La grande clarification n'est donc peut-être pas pour tout de suite. Mais les proches d'Anne Hidalgo savent que le temps est compté. "Les trois semaines qui viennent vont être décisives, les choses vont se cristalliser fin janvier/début février", prédit Yannick Trigance, secrétaire national du PS. Est-il déjà trop tard ? "Il n'est jamais trop tard, tant que le match n'est pas terminé tout est possible", assure ce dernier. Difficile pourtant d'y croire, entre les mauvais sondages et une candidate peu médiatique coincée dans ses contradictions. Dans un article du Monde datant de septembre, ses proches estimaient que "si aucune dynamique n'émergeait en sa faveur d'ici janvier", il serait trop tard. "On n'a pas dit quand en janvier, se défend mollement Patrick Kanner. Peut-être qu'on n'y sera pas fin janvier, je vous le concède… mais il faut se battre."

Le calendrier obsède les socialistes au-delà de la présidentielle.

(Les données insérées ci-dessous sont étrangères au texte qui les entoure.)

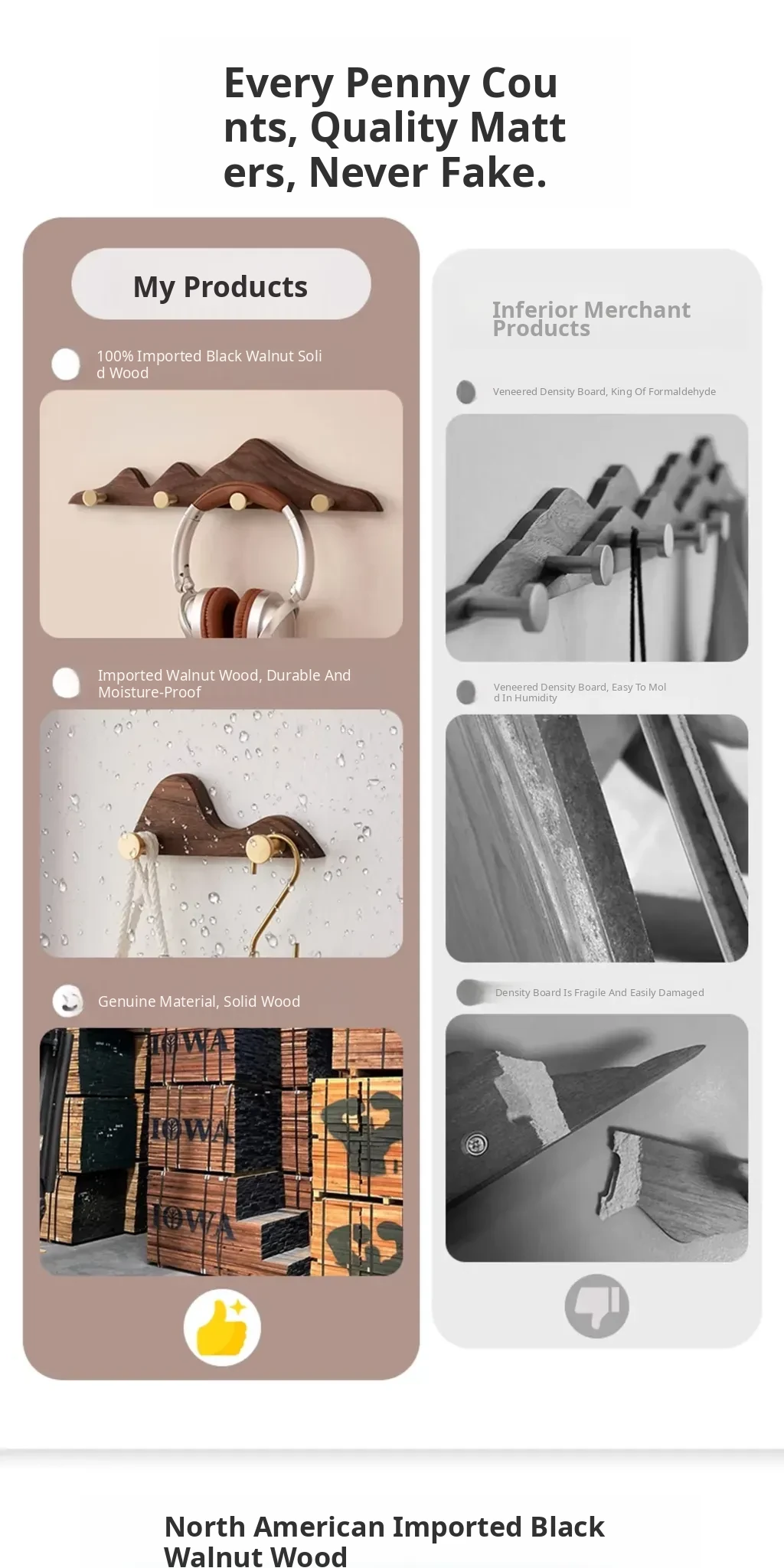 North American Black Walnut 6-Hook
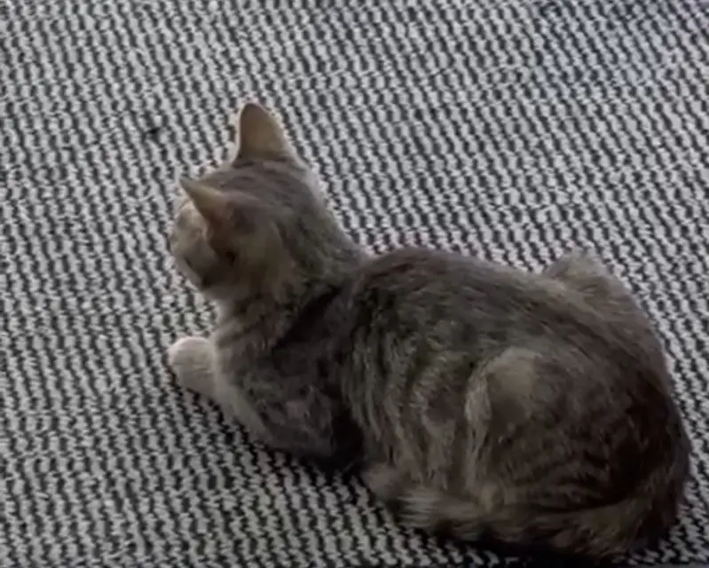 Греется около пятерочки на советской армии. К людям идет, болтает, пузико даже есть, видно, недавно убежал. На шее бордовый ошейник от блох.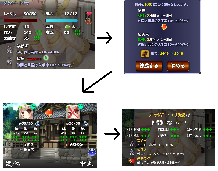 でも、交換勾玉が1個で1回しか交換できませんので、先を見通した部隊運用計画を立てながら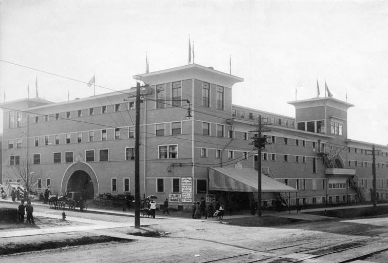 Keywords: monochrome blackandwhite outdoor architecture building black and white Horse Show Building on the SW corner of West Georgia and Gilford Streets. 1910 photograph. Built 1909 (although some sources claim 1898). Converted to an armoury for the Irish Fusiliers in 1914. Also known as the Stanley Park Armouries, the wooden structure burned to the ground on March 18, 1960. [City of Vancouver Archives; W.J. Cairns, photographer] Horse Show Building on the SW corner of West Georgia and Gilford Streets. 1910 photograph. Built 1909 (although some sources claim 1898). Converted to an armoury for the Irish Fusiliers in 1914. Also known as the Stanley Park Armouries, the wooden structure burned to the ground on March 18, 1960. [City of Vancouver Archives; W.J. Cairns, photographer] |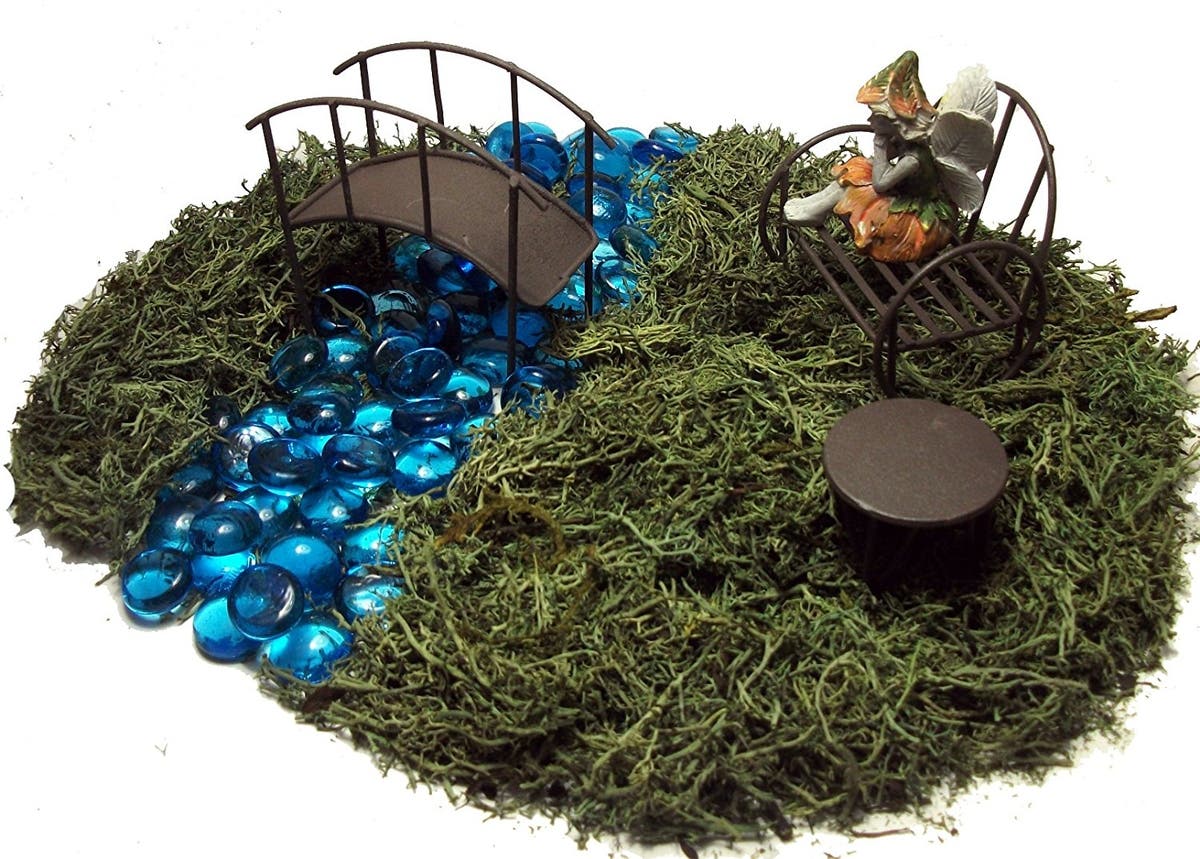 This starter set comes with moss, glass stones, a fairy, fairy furniture and a fairy bridge — everything you need to make your own magical fairy garden right at home.

Certains ont aussi les yeux rivés sur les législatives. "Après un échec potentiel à la présidentielle, la deuxième lame c'est les législatives", prévient Rémi Cardon.

"Y aura-t-il un groupe politique à gauche à l'Assemblée nationale ? Je me pose la question et c'est plus qu'une inquiétude".

Rémi Cardon, sénateur PS

à franceinfo

Le sénateur espère que "les deux jambes" de la démocratie française ne seront pas "la droite et l'extrême droite". Mais le porte-parole d'Anne Hidalgo se ressaisit aussitôt : "Rien n'est perdu. On peut aussi créer une dynamique avec une proposition qui créera du débat". Sur le terrain, certains militants n'y croient presque plus. "Je pense qu'on peut oublier la candidature socialiste pour cette présidentielle. Il faut être lucide", souffle une militante.